*** Opening of Data extract ***

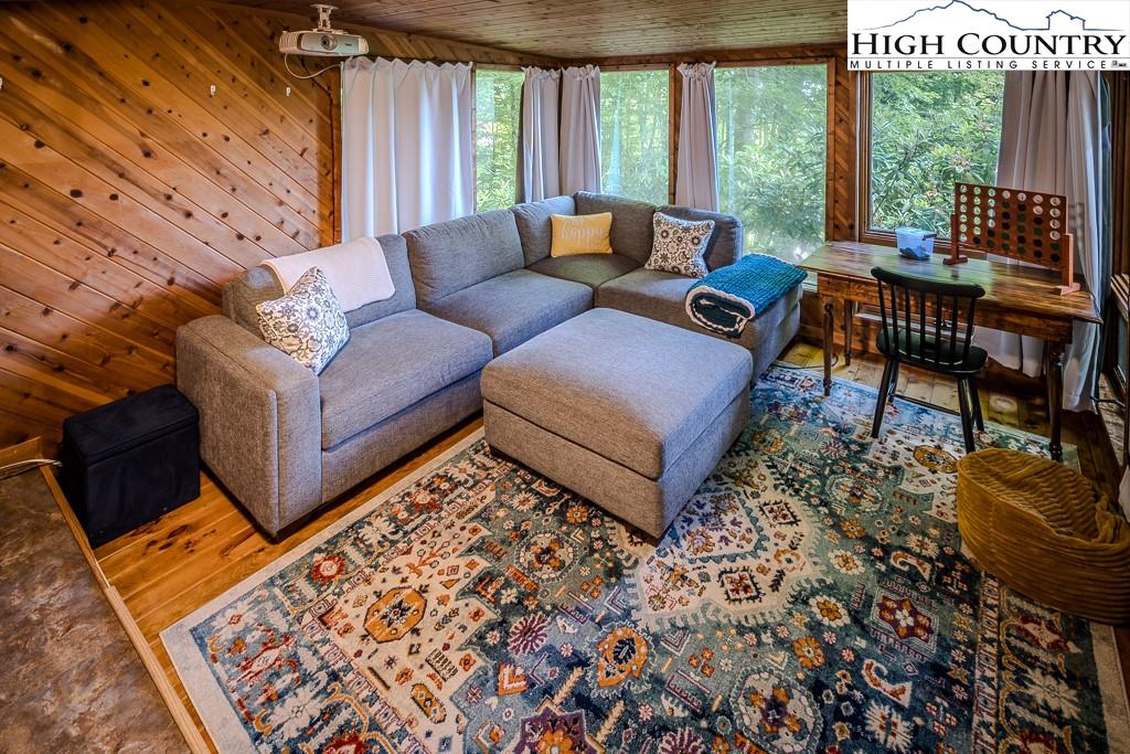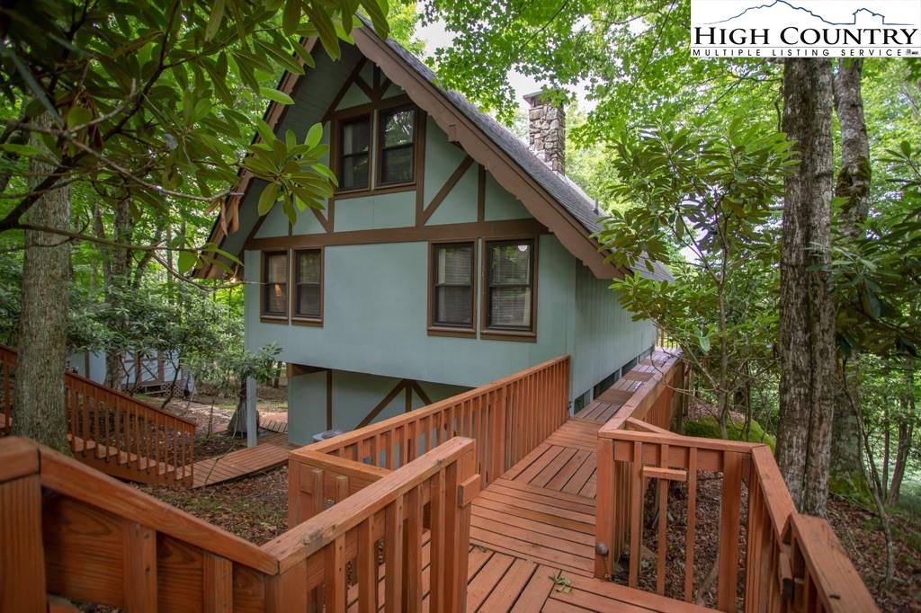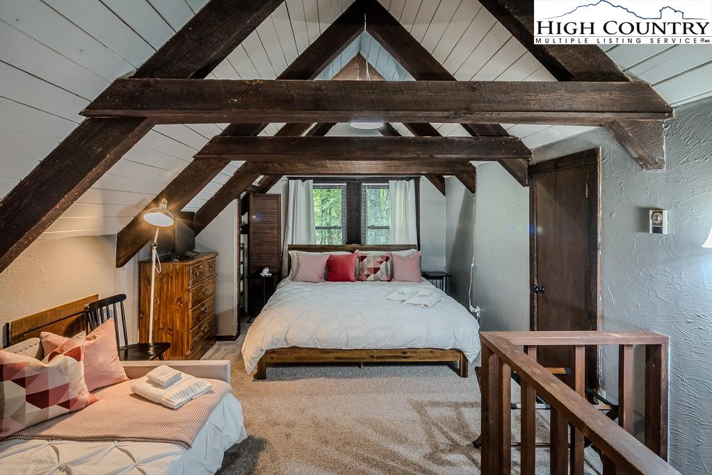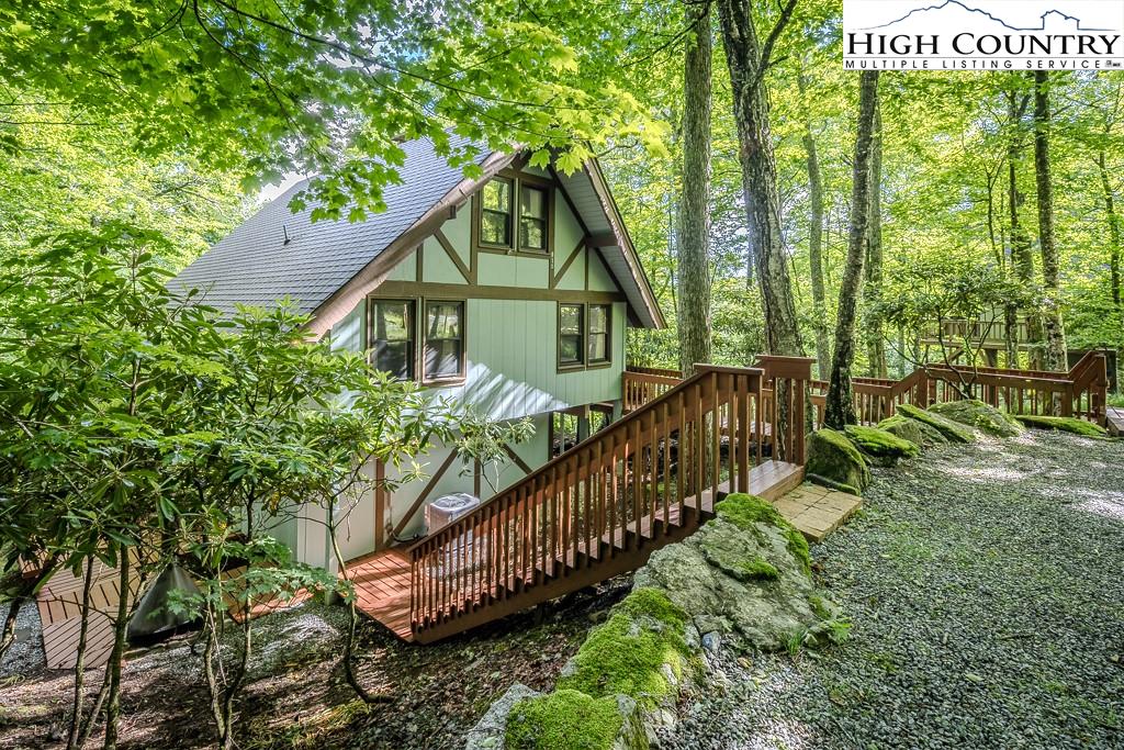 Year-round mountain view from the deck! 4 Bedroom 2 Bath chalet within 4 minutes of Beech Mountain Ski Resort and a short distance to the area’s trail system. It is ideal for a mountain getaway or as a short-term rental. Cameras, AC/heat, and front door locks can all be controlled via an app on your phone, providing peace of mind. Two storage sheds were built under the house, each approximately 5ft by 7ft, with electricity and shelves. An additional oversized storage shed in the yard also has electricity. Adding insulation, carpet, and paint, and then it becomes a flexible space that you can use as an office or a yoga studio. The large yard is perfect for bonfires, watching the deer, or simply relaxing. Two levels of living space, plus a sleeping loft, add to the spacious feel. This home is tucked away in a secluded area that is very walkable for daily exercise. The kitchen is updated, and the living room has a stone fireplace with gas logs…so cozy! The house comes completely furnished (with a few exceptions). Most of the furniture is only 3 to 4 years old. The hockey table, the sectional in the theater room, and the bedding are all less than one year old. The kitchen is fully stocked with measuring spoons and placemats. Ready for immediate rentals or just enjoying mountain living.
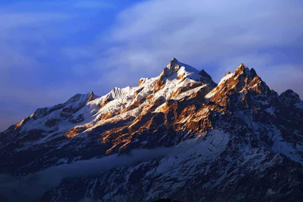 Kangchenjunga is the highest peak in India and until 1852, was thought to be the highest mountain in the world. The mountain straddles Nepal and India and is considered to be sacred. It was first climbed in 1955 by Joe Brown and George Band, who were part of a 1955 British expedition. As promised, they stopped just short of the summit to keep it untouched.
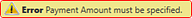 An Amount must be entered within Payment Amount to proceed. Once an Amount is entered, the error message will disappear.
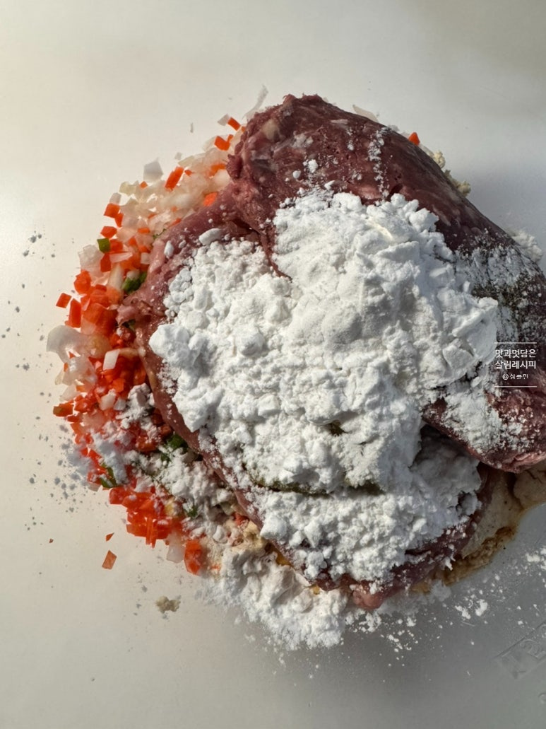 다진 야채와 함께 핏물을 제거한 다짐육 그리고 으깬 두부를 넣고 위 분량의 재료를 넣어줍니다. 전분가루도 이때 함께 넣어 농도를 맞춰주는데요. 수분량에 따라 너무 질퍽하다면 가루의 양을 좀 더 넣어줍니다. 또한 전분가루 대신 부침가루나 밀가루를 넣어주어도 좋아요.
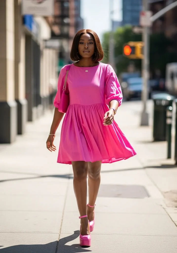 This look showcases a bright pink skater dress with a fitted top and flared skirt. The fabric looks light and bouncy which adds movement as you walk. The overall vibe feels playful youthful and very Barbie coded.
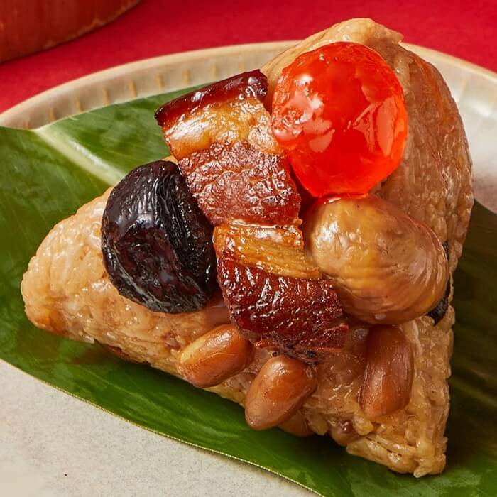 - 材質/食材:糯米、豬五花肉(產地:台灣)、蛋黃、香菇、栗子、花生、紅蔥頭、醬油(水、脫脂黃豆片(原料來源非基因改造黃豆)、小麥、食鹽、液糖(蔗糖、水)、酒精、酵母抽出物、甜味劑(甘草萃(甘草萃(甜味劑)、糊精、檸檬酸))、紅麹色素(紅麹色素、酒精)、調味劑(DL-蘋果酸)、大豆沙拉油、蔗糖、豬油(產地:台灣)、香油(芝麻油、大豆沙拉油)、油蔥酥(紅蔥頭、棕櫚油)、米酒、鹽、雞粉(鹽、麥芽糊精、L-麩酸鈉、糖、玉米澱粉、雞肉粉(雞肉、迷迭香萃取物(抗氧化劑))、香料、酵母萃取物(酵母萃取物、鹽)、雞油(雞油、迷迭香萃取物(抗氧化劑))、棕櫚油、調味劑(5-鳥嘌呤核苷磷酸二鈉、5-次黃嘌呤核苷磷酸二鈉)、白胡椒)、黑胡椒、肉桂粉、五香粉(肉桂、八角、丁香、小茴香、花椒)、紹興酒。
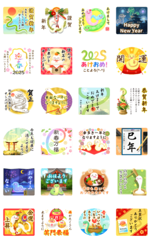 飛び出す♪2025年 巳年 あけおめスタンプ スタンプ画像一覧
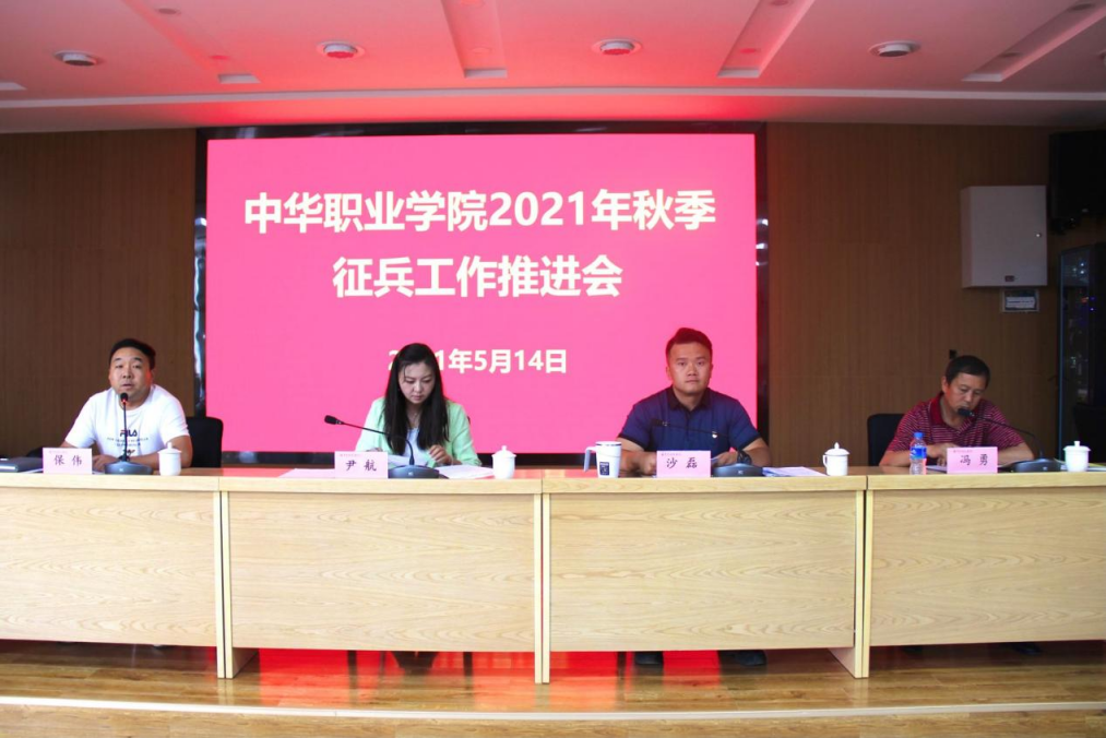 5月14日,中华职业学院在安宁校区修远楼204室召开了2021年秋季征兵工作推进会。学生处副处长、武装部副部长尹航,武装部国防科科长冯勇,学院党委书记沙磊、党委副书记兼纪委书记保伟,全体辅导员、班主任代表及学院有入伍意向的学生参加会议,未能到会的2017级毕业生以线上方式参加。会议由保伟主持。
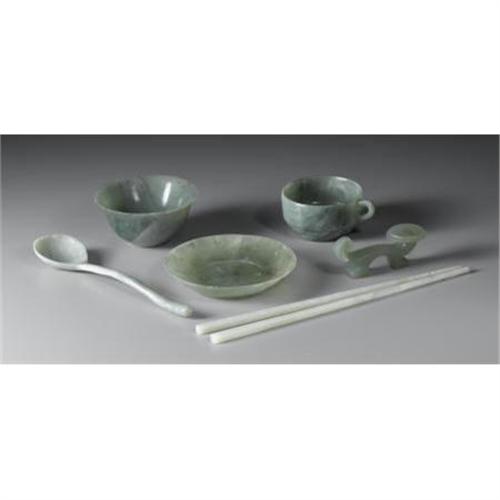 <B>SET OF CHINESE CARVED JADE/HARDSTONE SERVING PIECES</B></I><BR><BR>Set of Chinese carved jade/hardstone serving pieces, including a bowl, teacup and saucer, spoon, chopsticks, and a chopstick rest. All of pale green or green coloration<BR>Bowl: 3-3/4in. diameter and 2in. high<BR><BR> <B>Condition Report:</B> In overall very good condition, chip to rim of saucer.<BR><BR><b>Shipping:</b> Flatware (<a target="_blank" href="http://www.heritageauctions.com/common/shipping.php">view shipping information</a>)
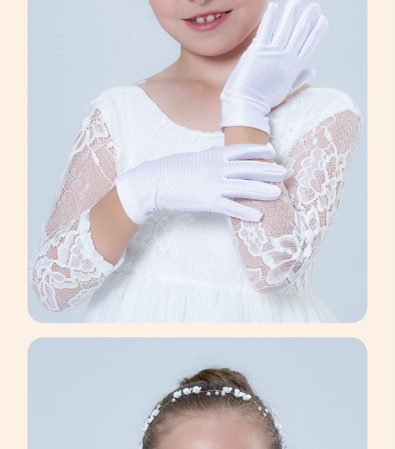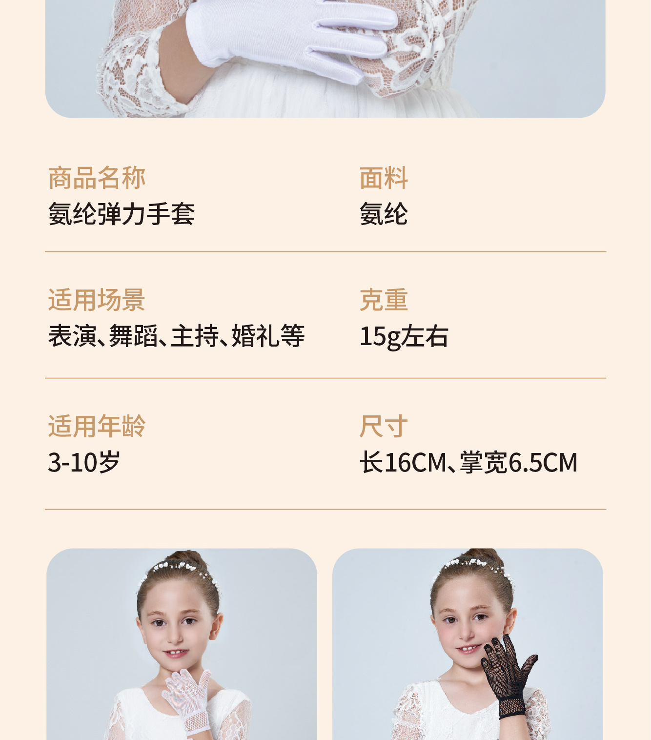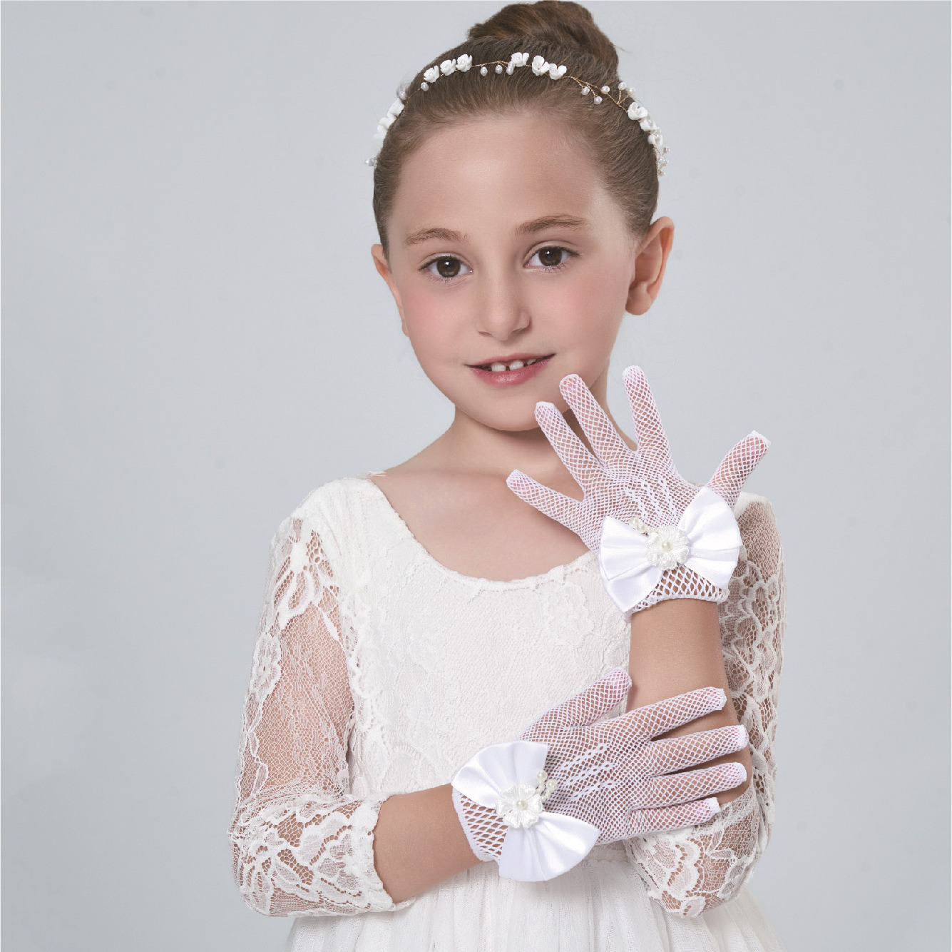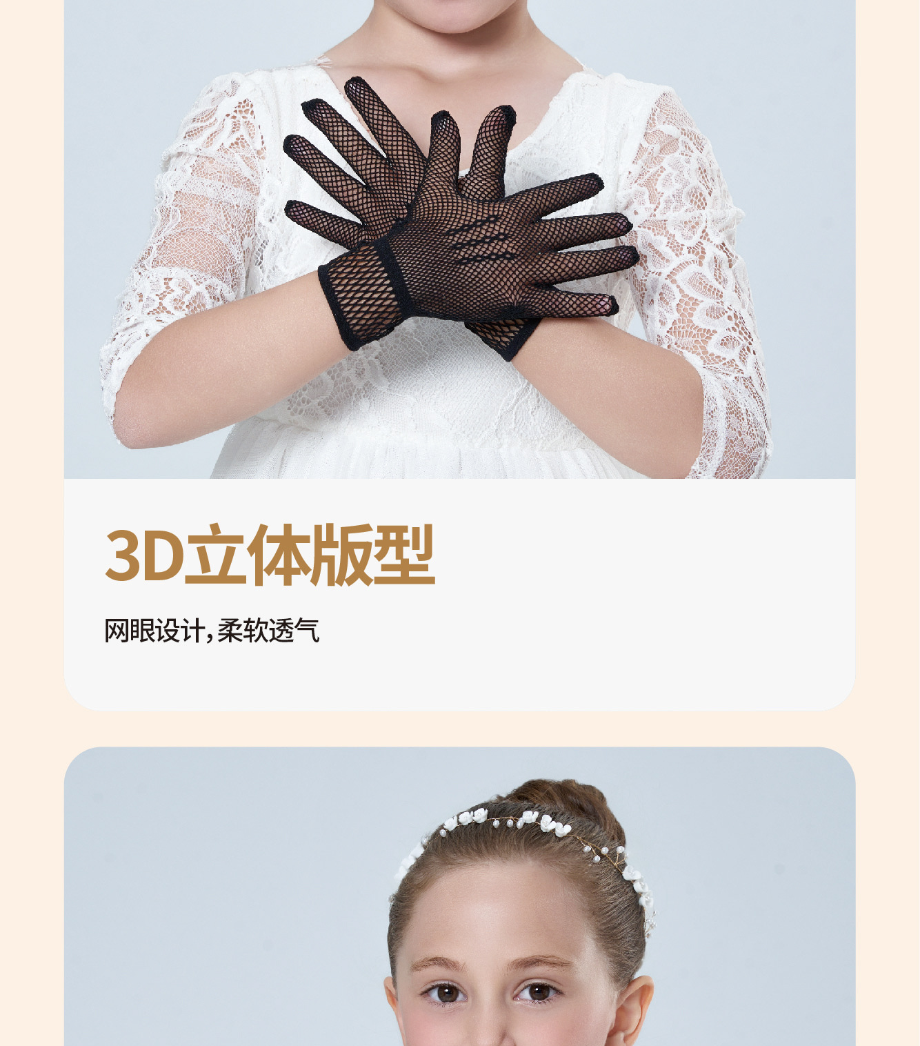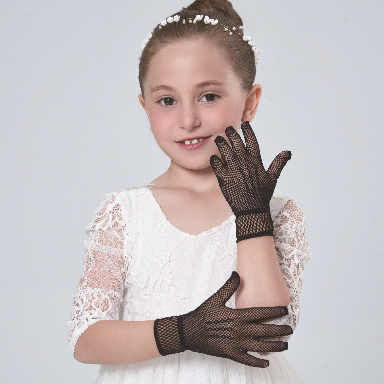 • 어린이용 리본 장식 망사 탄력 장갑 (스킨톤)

*** Close of Data extract ***

Output exactly, and only, the lines running from the line containing "5月14日,中华职业学院在安" to the last line of the entries above, omitting the pictures.

Reply =
 5月14日,中华职业学院在安宁校区修远楼204室召开了2021年秋季征兵工作推进会。学生处副处长、武装部副部长尹航,武装部国防科科长冯勇,学院党委书记沙磊、党委副书记兼纪委书记保伟,全体辅导员、班主任代表及学院有入伍意向的学生参加会议,未能到会的2017级毕业生以线上方式参加。会议由保伟主持。
 <B>SET OF CHINESE CARVED JADE/HARDSTONE SERVING PIECES</B></I><BR><BR>Set of Chinese carved jade/hardstone serving pieces, including a bowl, teacup and saucer, spoon, chopsticks, and a chopstick rest. All of pale green or green coloration<BR>Bowl: 3-3/4in. diameter and 2in. high<BR><BR> <B>Condition Report:</B> In overall very good condition, chip to rim of saucer.<BR><BR><b>Shipping:</b> Flatware (<a target="_blank" href="http://www.heritageauctions.com/common/shipping.php">view shipping information</a>)
 • 어린이용 리본 장식 망사 탄력 장갑 (스킨톤)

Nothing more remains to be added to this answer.